The implication of disregarding competing events in statistical analyses has been discussed frequently among the research community. In (14), McCaw et al. outline the problem of competing risks based on two papers: in (15), Beigel et al. carried out a clinical trial evaluating the effect of remdesivir versus a placebo in hospitalised COVID-19 patients. Similarly, Li et al. conducted a trial to detect the effect of convalescent plasma as compared to the effect of the standard of care on hospitalised COVID-19 patients (16). In both studies, death is a competing event. In addition, Wolkewitz et al. carried out an analysis to determine the impact of the duration of mechanical ventilation on the development of pneumonia while considering extubation as a competing event (17). An unbiased result could only be obtained when the competing event was accounted for. Supplementary Table 2 in (18) shows an overview of papers published in high-impact journals with a competing risk problem.

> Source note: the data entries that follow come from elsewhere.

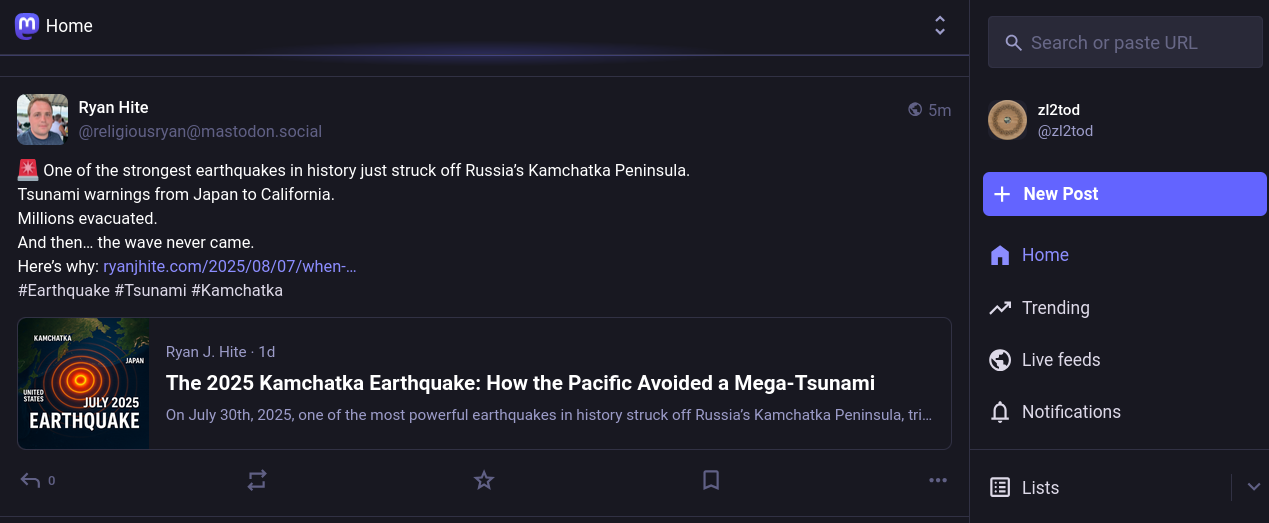 Ryan Hite @religiousryan@mastodon.social 🚨 One of the strongest earthquakes in history just struck off Russia’s Kamchatka Peninsula. Tsunami warnings from Japan to California. Millions evacuated. And then… the wave never came. Here’s why: https://www.ryanjhite.com/2025/08/07/when-the-pacific-shook-the-2025-kamchatka-earthquake-and-the-tsunami-that-almost-was/ #Earthquake #Tsunami #Kamchatka Ryan J. Hite · 1d The 2025 Kamchatka Earthquake: How the Pacific Avoided a Mega-Tsunami On July 30th, 2025, one of the most powerful earthquakes in history struck off Russia’s Kamchatka Peninsula, triggering tsunami warnings across the Pacific. From Japan’s mass evacuations to U.S. coastal alerts, here’s how millions braced for disaster — and why the worst never came. Aug 10, 2025, 09:56 AM · https://mastodon.social/@religiousryan/115001037762091826
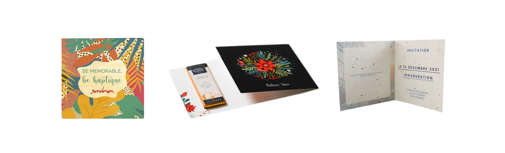 Une manière innovante de se démarquer est d’ajouter une dimension sensorielle avec des cartes gourmandes, accompagnées de douceurs telles que du chocolat ou des sablés personnalisés. Parmi ces options, le produit Carte gourmande avec barre de chocolat 10G permet de personnaliser une carte avec une touche sucrée, idéale pour offrir une expérience gustative et visuelle unique à vos clients. Cette carte, parfaite pour la période de fin d’année, allie un design raffiné à une gourmandise qui saura ravir les papilles de vos partenaires.
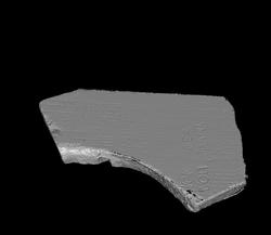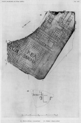 | Description This large piece touched three sides of a slab. Two complete and two partial clampholes are visible, as is a partial tassello on the back. The fragment depicts portions of four or five separate building complexes, divided by three streets or alleys. A wide open space flank these buildings on the right. Across the bottommost complex is inscribed HORREA LOLLIANA. A mistake is evident in the inscription after the second L; perhaps the engraver thought better of starting a new letter there. This complex is divided into two distinct but connected areas, each consisting of rows of fairly uniform rooms suggesting storage flanking a large courtyard. Access is controlled between the two courtyards by means of a long passageway. A staircase is represented by a triangle in the lower lefthand corner of the complex. According to Pedroni 1992, the three crossbars in the triangle indicate that the stairs gave access to three storeys. On the righthand side of the building is depicted a wide platform, perhaps for unloading of goods, with two sets of staircases leading down to the open space. Other interesting features include possible guardrooms along the bottom of the complex and a set of very long and narrow passageways along the bottom of the lefthand courtyard.
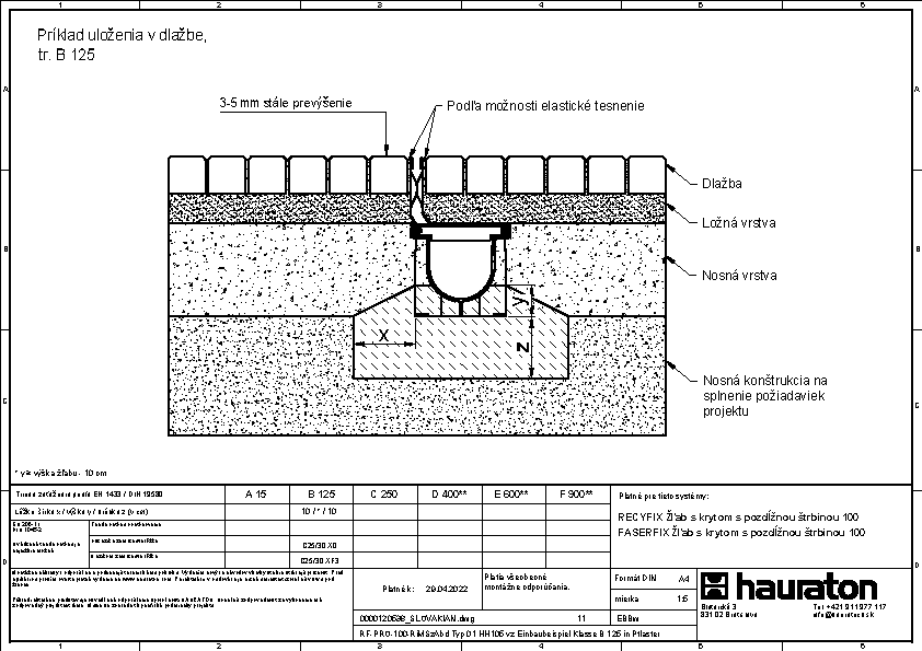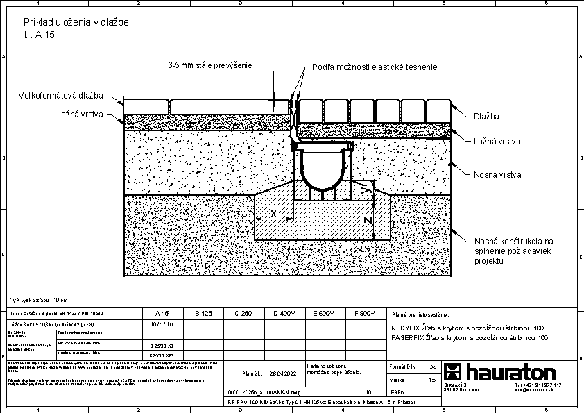 Štrbinové kryty 100, výška hrdla 105 mm, trieda A 15
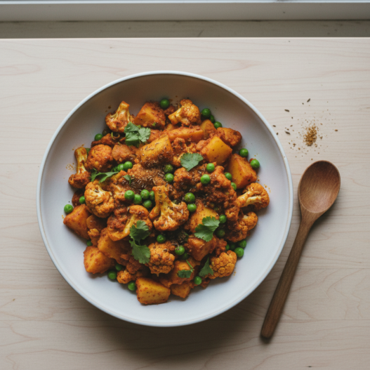 A simple, flavorful Indian-inspired dish. Cauliflower and potatoes simmered in aromatic spices.
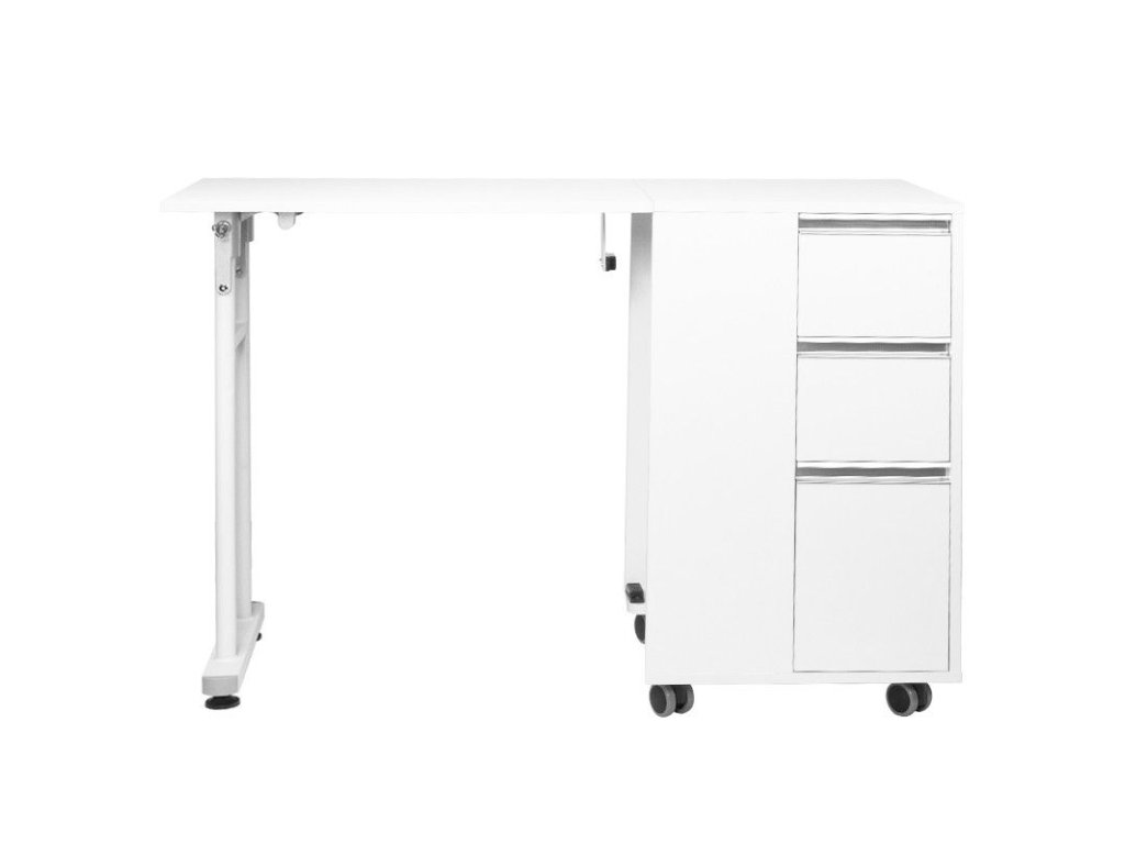 Skládací stolek 2038 bílý Skládací kosmetický stůl, ideální do malých místností či kanceláří. Je vybaven třemi zásuvkami pro uložení potřebných pomůcek a opatřen kolečky, takže ho můžete snadno dle potřeby přemístit a mít tak vše potřebné stále po ruce.Diskuze

In all cases, being discharged alive was the competing event that should have been accounted for in the analysis. Ignoring this competing event led to an overestimation of the cumulative incidence of the event of interest which, in the cases of the papers mentioned in Supplementary Table 2, was death or a composite outcome of intubation or death. Furthermore, a systematic literature review of observational studies that evaluated drug effectiveness in patients with COVID-19, carried out by Martinuka et al. (19), assessed the studies on three common methodological pitfalls in time-to-event analyses, one of them being competing risk bias. Their results showed that only one paper out of 11 accounted for the competing risk of being discharged alive by extending the follow-up period for discharged patients. All the others suffered from a competing risk bias. This highlights the scope of the problem.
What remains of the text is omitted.